We did for her just all we could,
the therapies, we knew we should.
but how it hurts when we must find,
shs mentally four years behind.



And now at eight and oh so small,
this child who hardly grew at all.
so full of life, yet wants to know,
"Why is it Mum that I don´t grow?"


So off we go now once again,
on the ride of the therapy train.
And pray to God one day we´ll see,
her grow as she was meant to be.


The advertisments never show,
a child like her who´s dealt the blow.
Of living life right from the start,
different and set apart.


So pregnant women everywhere,
if you must drink, please think of her.
It´s time the whole world got to know,
of these babys damaged by alcohol!



Ann Gibson 1996
For Sinja and every other FAS kid!





Don't Ask My Child to Fly

Don't ask my child to fly,
for he has not wings.

Don't ask my child to see the glint on the eagle's beak,
for his vision has been diminished.

Don't ask my child to remain calm amid the din,
for her ability to screen out the noises has been taken away.

Don't ask my child to be careful with "strangers",
for he is affectionate with everyone and prey for the unscrupulous.

Don't ask my child to "settle down",
for the clock which works for you and I, does not exist for her.

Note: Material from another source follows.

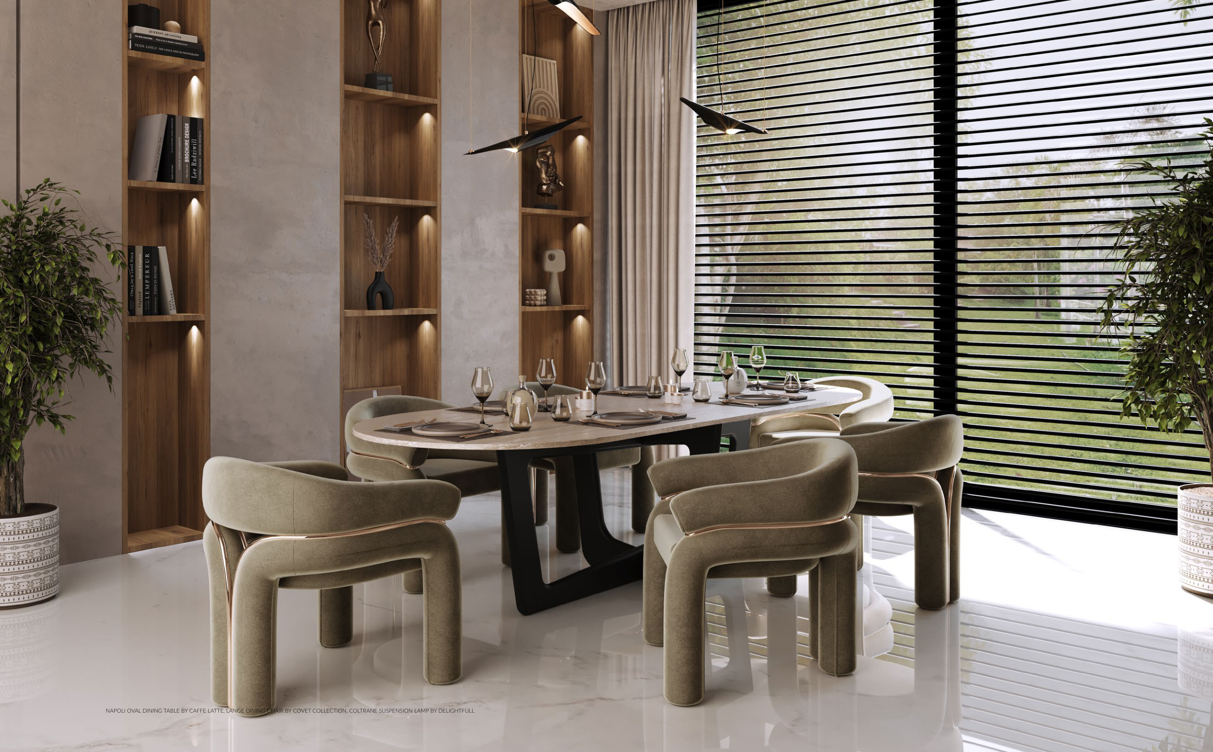 NAPOLI OVAL DINING TABLE BY CAFFE LATTE, LANGE DINING CHAIR BY COVET COLLECTION, COLTRANE SUSPENSION LAMP BY DELIGHTFULL
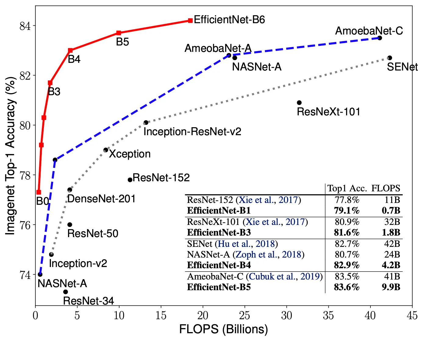 논문의 배경은 Convolutional Neural Network 가 좋은 성능을 얻기 위한 접근으로 Scaling-Up 이 자주 사용되던 트렌드로부터 시작합니다. 실제로 2016 년에 등장한 ResNet 은 ResNet-18 에서 ResNet-200 으로 네트워크의 깊이를 늘림으로써 scaling-up 을 진행했고, 2018 년에 등장한 Gpipe 는 baseline 모델을 4배 정도 키워서 ImageNet top-1 accuracy 84.3% 를 달성했습니다.

Don't ask my child to not play with the toys of others,
for he has no concept of property.

Don’t ask my child to remember you tomorrow,
although you met today.

Don't ask my child to heal your wounds,
for her hands cannot hold a scalpel or sutures.

Don't ask my child to meet the challenges set by society,
for you have denied her the tools.

Don't ask my child to forgive you for standing idly by,
while he was being tortured in his mother's womb,

for he will,

but He may not.


Bruce Ritchie, 1997



Bad Child



I was a child
the one who was wild.

I was a child it was hard to love
and didn't fit in like a glove.

I was a child, a bad little girl
with her hair in a curl.

I was a child with a pretty face
that had no grace.

I was a child you called lazy
and maybe even crazy.

I was a child whose sadness
turned to madness

I was a child who went away
and never got to play.

I was a child who traveled far and wide,
across the continental divide

I was a child wandering alone,
trying to find a home.

I was a child who stood in the dark,
waiting for the call of the morning lark.

I was a child who never made you proud,
the one that was too loud.

I was a child who wanted to die
and made you sigh.

I was a child who went insane
from all the pain.

I was a child who always wondered why.....
you weren't able to love me or even to try.